▸ **Information provided**:
=== Begin Enclosure ===

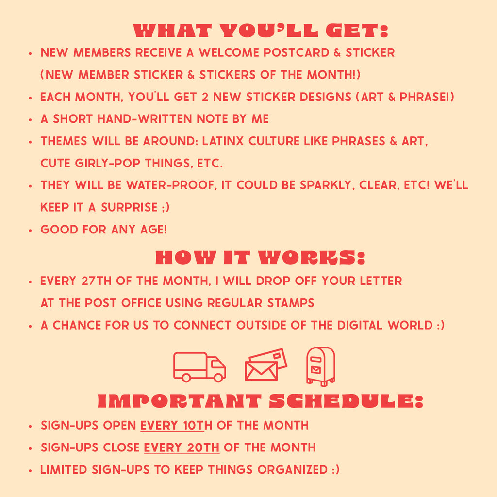 Exclusive new members will receive a welcome postcard, welcome sticker, and the 2 stickers of the month! (so, 4 items total for new members)
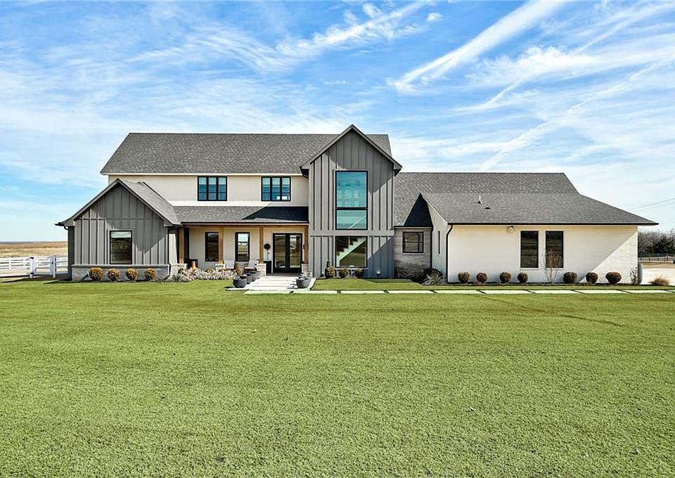 Stunning luxury Modern Farmhouse situated on 5.33 acres. Craftsmanship, attention to detail, and functionality of the space truly makes this home special! As you enter the front door you’re immediately drawn to the wall of windows overlooking the acreage & the natural light filling the living, dining, and kitchen areas. Beautiful wood floors throughout, light tones w/accents of color. The kitchen is an absolute show stopper! Cafe’ line appliances, wrap around Quartz countertops, beautiful center island, hinged picture window opening to screened back patio and a spacious pantry. Primary bedroom down w/access to back patio. En-suite features detailed glass display cabinetry, large walk-in closet, soaking tub & shower. Upstairs offers a large open bonus room, 3 guest bedrooms with Jack-n-Jill access for two of the rooms & third room with private en-suite. The home also features a downstairs study/craft room, built-in desk space, half bath, laundry room, and storm shelter.
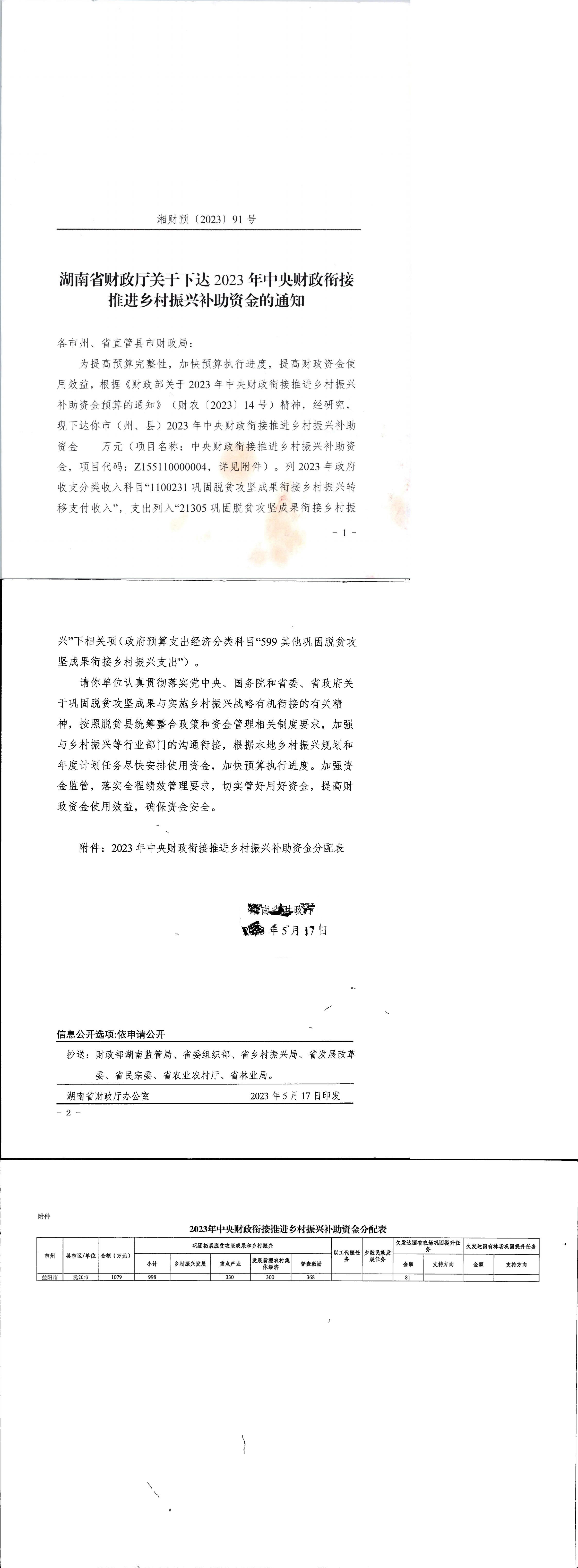 湘財預〔2023〕91號湖南省財政廳關于下達2023年中央財政銜接推進鄉村振興補助資金的通知
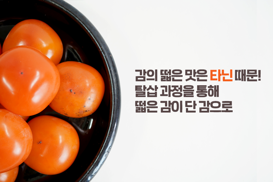설익은 감을 먹으면 입안이 텁텁하고, 떫은맛이 나죠. 감이 떫은맛을 내는 이유는 바로 페놀 화합물인 타닌(Tannin)때문입니다. 타닌은 물에 녹는다는 특징이 있는데요. 감 속에 함유된 타닌이 과즙에 녹아 나오면서 떫은맛을 내는 것입니다.

=== End Enclosure ===

▸ **What you will do**: Please reproduce the lines above from the one containing "湘財預〔2023〕91號湖南" through the final line, exactly and inclusively, leaving out each picture.

▸ **Written answer**:
 湘財預〔2023〕91號湖南省財政廳關于下達2023年中央財政銜接推進鄉村振興補助資金的通知
설익은 감을 먹으면 입안이 텁텁하고, 떫은맛이 나죠. 감이 떫은맛을 내는 이유는 바로 페놀 화합물인 타닌(Tannin)때문입니다. 타닌은 물에 녹는다는 특징이 있는데요. 감 속에 함유된 타닌이 과즙에 녹아 나오면서 떫은맛을 내는 것입니다.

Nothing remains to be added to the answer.